Sixth Steep – 90 seconds
It’s still think and carrying on it’s flavour very well. It’s still thick yet with no astringency and the geranium is still fresh and sweet.

Seventh Steep – 120 seconds
Softer than the previous steeps but still very floral and clean.

Eighth Steep – 180 seconds
Very soft and back to the strength of the first steep. Buttery and sweet once more.

It tasted like spring water with flowers inside rather than a tea and it was very refreshing yet flavourful. I had high hopes and it raised the bar to be possibly the best Li Shan I have tried. It had little dryness despite being heavily perfumed and it left a beautiful after taste, I feel like I’ve breathed in spring!

195 °F / 90 °C 7 g 3 OZ / 85 ML

I hope everything goes well for you tomorrow! Glad you have some nice tea to comfort you. Sending good thoughts!


I hope all goes well tomorrow, too. And hey—the idea of anyone poking around our nether-regions is anxiety-inducing. Hopefully it’s over quickly.


Positive thoughts for a positive outcome. And you get to be anxious – I don’t think that’s anyone’s idea of a good time.


You’re very wise to be evaluated and to keep all follow-up appointments given your maternal family history. Hopefully, your father’s side of the family reduces your risk. We’ll be praying for a good outcome.


Thank you everyone! I can happily report that everything is over and done with now and my results will be in two weeks, though she said from her point of view everything looked healthy. As an added treat my new gaiwan tea set arrived and I love it. Will use it in a bit when I’m up to it.


Excellent! You should reward yourself for having done what’s medically prudent to maintain your long-term health. Perhaps dinner out or a very special tea in your new beautiful gongfu tea set?

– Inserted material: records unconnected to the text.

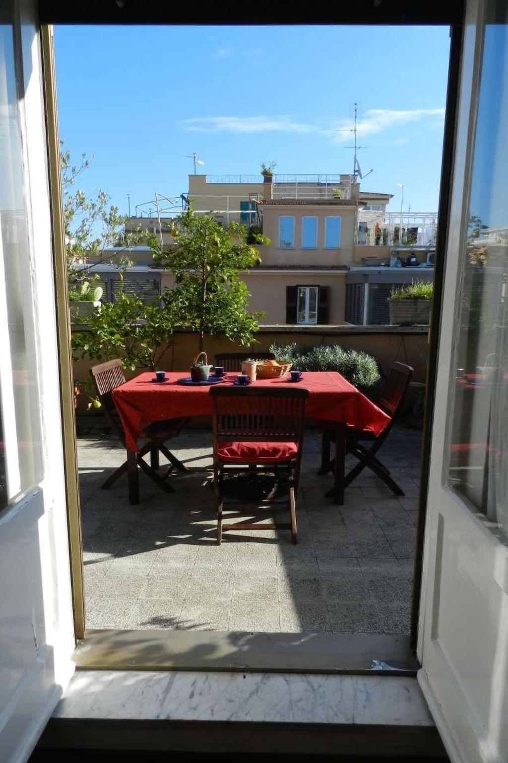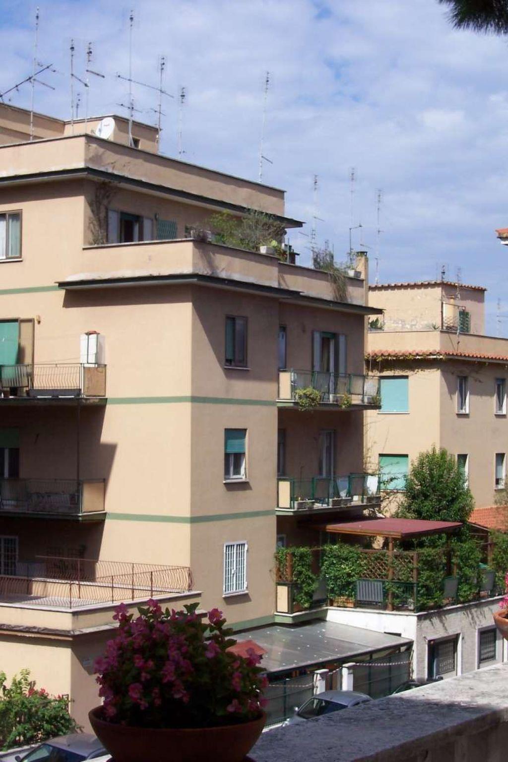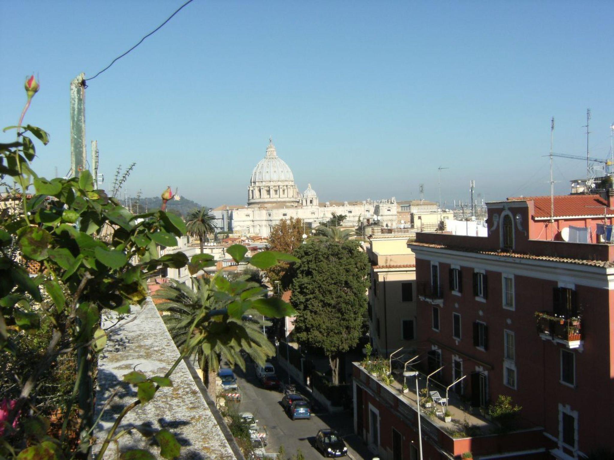 The holiday flat - an attic with a large roof terrace - is located in a very good and relatively quiet residential area with a stunning view of Rome's main church, San Pietro.
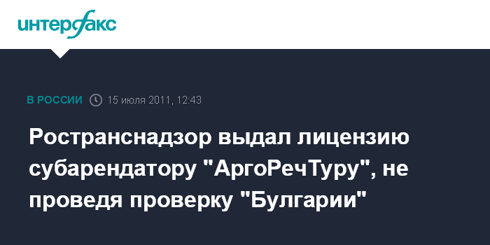 Москва. 15 июля. INTERFAX.RU - Управление "Ространснадзора" вынесло положительное решение по обращению субарендатора "Булгарии" "АргоРечТур" за лицензией на право пассажирских перевозок без проверки организации и судна.
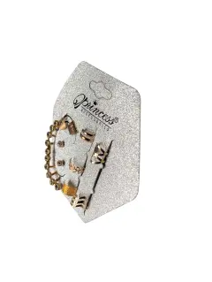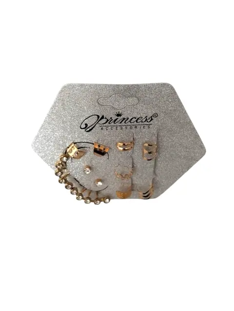 Set de 10-piezas separadas de aretes Priincess Accesories, color dorado y piedras blancas de fantacia, varios diferentes estilos hechos de acero inoxidable nuevos a estrenar con etiqueta en buen estado cosmético.
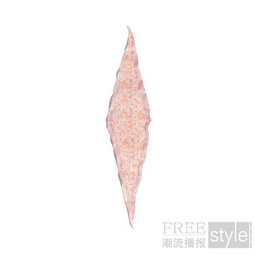 山茶花图案以清新抽象的碎花形式处理,缤纷如夏日的斑驳花影,明丽潋滟。斜裁工艺自然形成波浪状荷叶边,灵动俏皮。
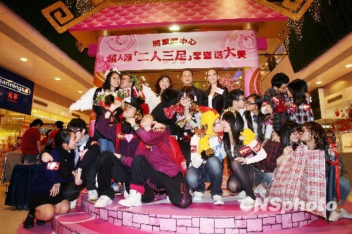 1月31日下午,虽然离情人节尚有时日,但香港青年人的温情活动已十分热络。这是在将军澳中心参加“二人三足蜜蜜送”大赛的获奖选手,赛后表达欢乐的情景。中新社发 郑祚声 摄
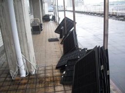 | 災害用の受信機?でしょうか・・?落ちて転がれば危ないかも!ただ、下は議場の屋根なので・・・大丈夫かな・・ | |
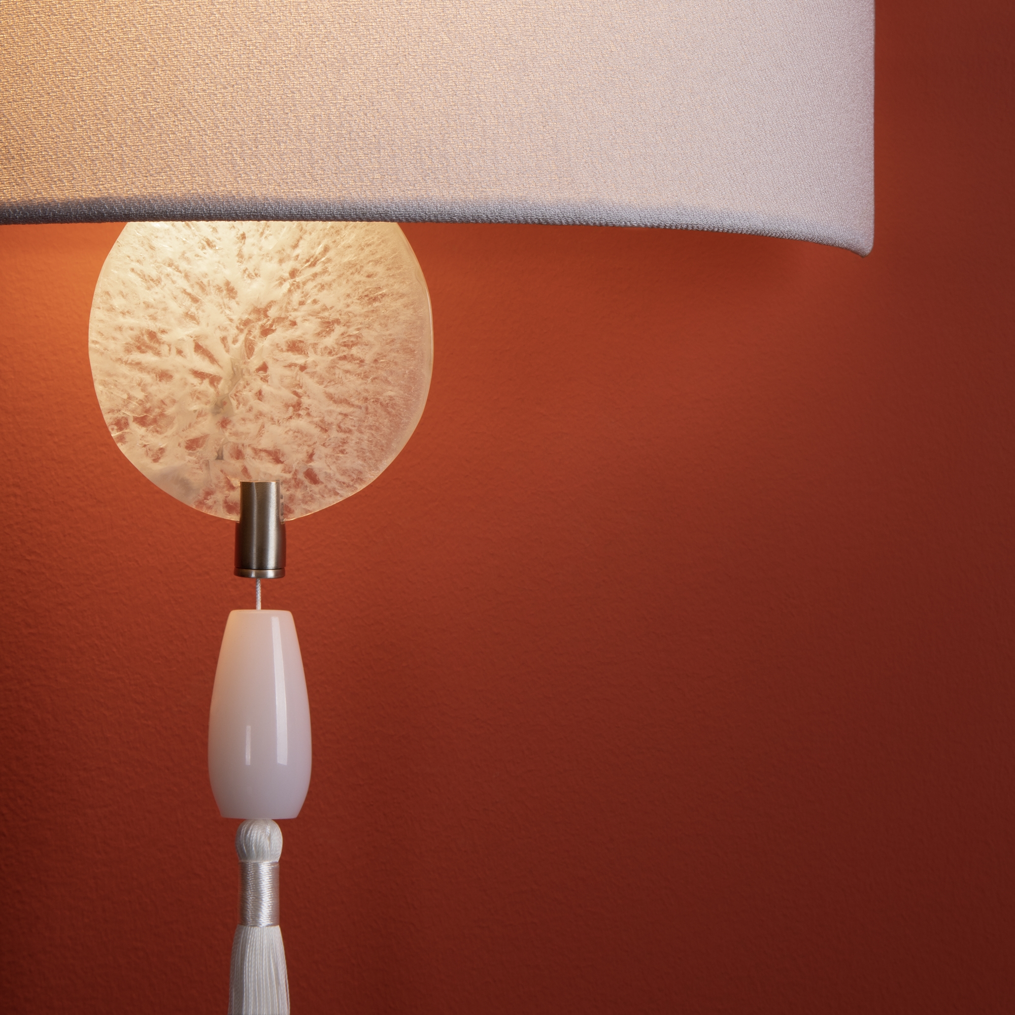 Металлическая арматура в цвете никель. Светильники с натуральным агатом, серым тканевым абажуром и декоративными кисточками . Лампы E14 (не в комплекте). Бра с регулируемой высотой.
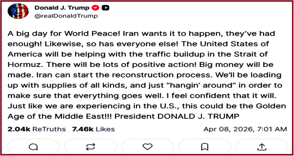 ABD Başkanı Donald Trump sosyal medya hesabı üzerinden yaptığı paylaşımda Pakistan'ın talebi üzerine yapılan görüşmeler kapsamında İran ile 2 haftalık bir ateşkes anlaşması olduğunu söyledi. Trump, sosyal medya hesabından ateşkes hakkında yaptığı son açıklamasında, "Dünya barışı için büyük bir gün! Tıpkı ABD'de yaşadığımız gibi, bu Ortadoğu'nun Altın Çağı olabilir!!! "
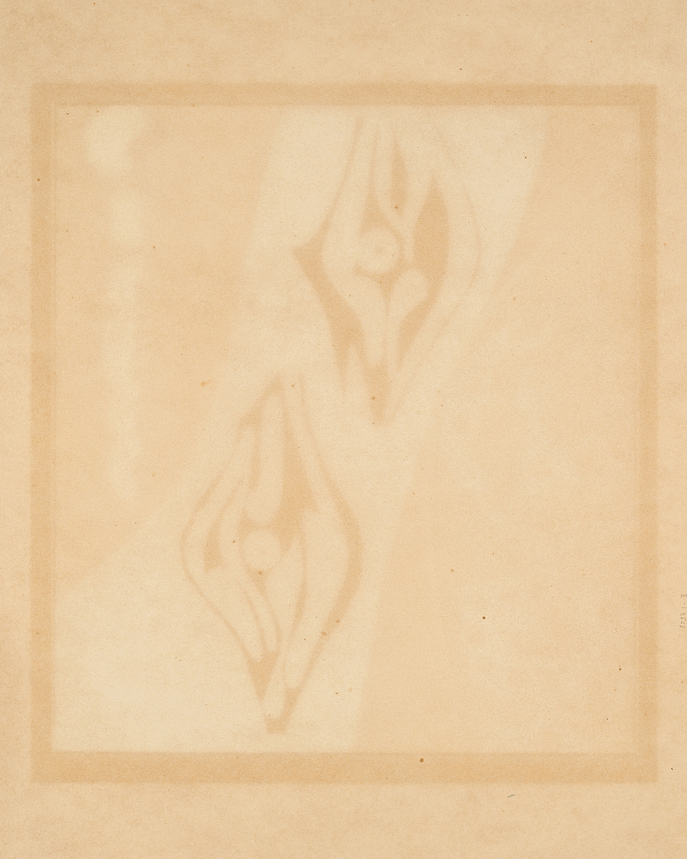 Blatt möglicherweise beschnitten. Leicht und unregelmäßig gebräunt. Vereinzelt minimale Bereibungen in der Darstellung. Minimale Stockflecken an den Rändern. Verso unregelmäßig gebräunt und leichte Stockflecken. Ansonsten guter Zustand.

I may stick to the tea for tonight as tomorrow night I’m having a meal and some drinks as part of a hen party (which I don’t want to go to but have no option to back out). I’ve been on my Oolong recently so I may find space for some more to open and sample as my treat :)


You should definitely treat yourself!

I typically have black tea for breakfast. However, I’m running low on black teas samples. How are oolong, green & white teas for breakfast?


Green teas are rather good to have in the morning, Japanese greens in particular have a strange effect on me and I end up skipping all day and being happy. I think the idea is to have green teas highly concentrated in the morning so that the impact of caffeine is larger for the extra boost. Oolong and whites I find too relaxing in the morning but they would work well on weekends or days off. I tend to mostly go by what I feel like that morning, sometimes my first cup isn’t until lunch time.


Pap smear tests are offered to all women between 20-something and 50-something every few years here. It’s a preventative routine screening.


Yet it’s surprising how many women ‘forget’ to go all because of a little embarrassment. I know about it well as cervical and ovarian cancer run in my family.